From self-sabotage to superpower: Harnessing emotion with self-awareness

Here’s how to develop self-awareness, the gateway to emotional intelligence.
From self-sabotage to superpower: Harnessing emotion with self-awareness

With digitisation replacing many of the traditional accounting tasks, finance professionals must demonstrate their value and provide impact in new ways. Increasingly, finance leaders are looking for candidates who can work effectively within diverse teams, tackle uncertainty and ambiguity with confidence, and communicate with clarity in a hybrid workplace.

These demands all require a high level of emotional intelligence — the ability to perceive, use, understand, and manage emotions.

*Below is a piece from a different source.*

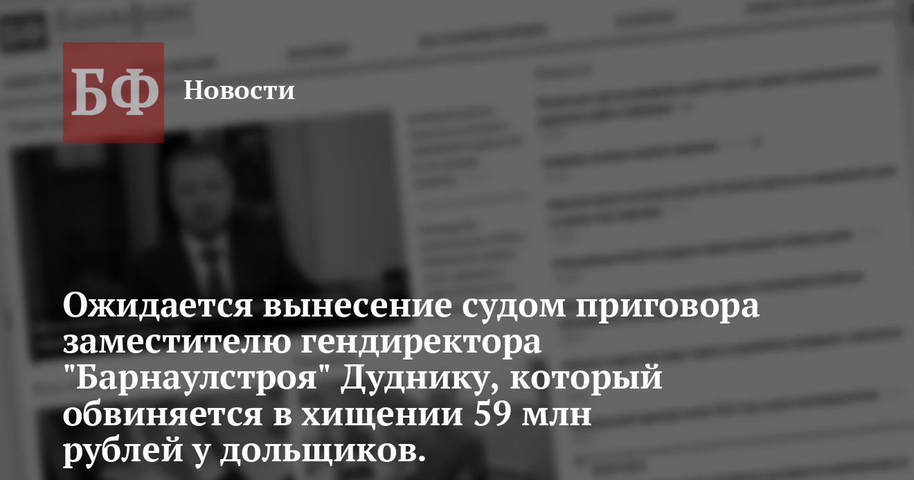 заместителя генерального директора ООО «Барнаулстрой» Ивана Дудника,

According to Sharon King Gabrielides, Ph.D., chief executive of Key Steps Corporate Training, a leadership coaching and development consultancy based in South Africa, the first step towards increasing emotional intelligence is the development of greater self-awareness — which can be defined as a conscious awareness of your internal states and feelings, as well as the ability to perceive your own personality traits, behavioural patterns, and motivations.

Yet for finance professionals, developing emotional intelligence, or EQ, and “soft skills” can appear to be a vague and intangible task — and one that is difficult to prioritise amidst the rigorous demands of the modern workplace.

According to King Gabrielides, the first step is to acknowledge that EQ is no longer a “soft skill”, but is an essential hard skill — something that needs to be assessed, measured, and taught at every level within organisations.

“The starting point is to develop self-awareness, which is the foundation of emotional intelligence and the gateway to personal and professional development,” King Gabrielides said.

Scott Dust, Ph.D., Raymond E. Glos Professor of Management in the Farmer School of Business at Miami University in Oxford, Ohio, explained that the past year has exposed vulnerabilities and emotional blind spots — prompting many leaders to begin to explore the link between self-awareness and high performance at work.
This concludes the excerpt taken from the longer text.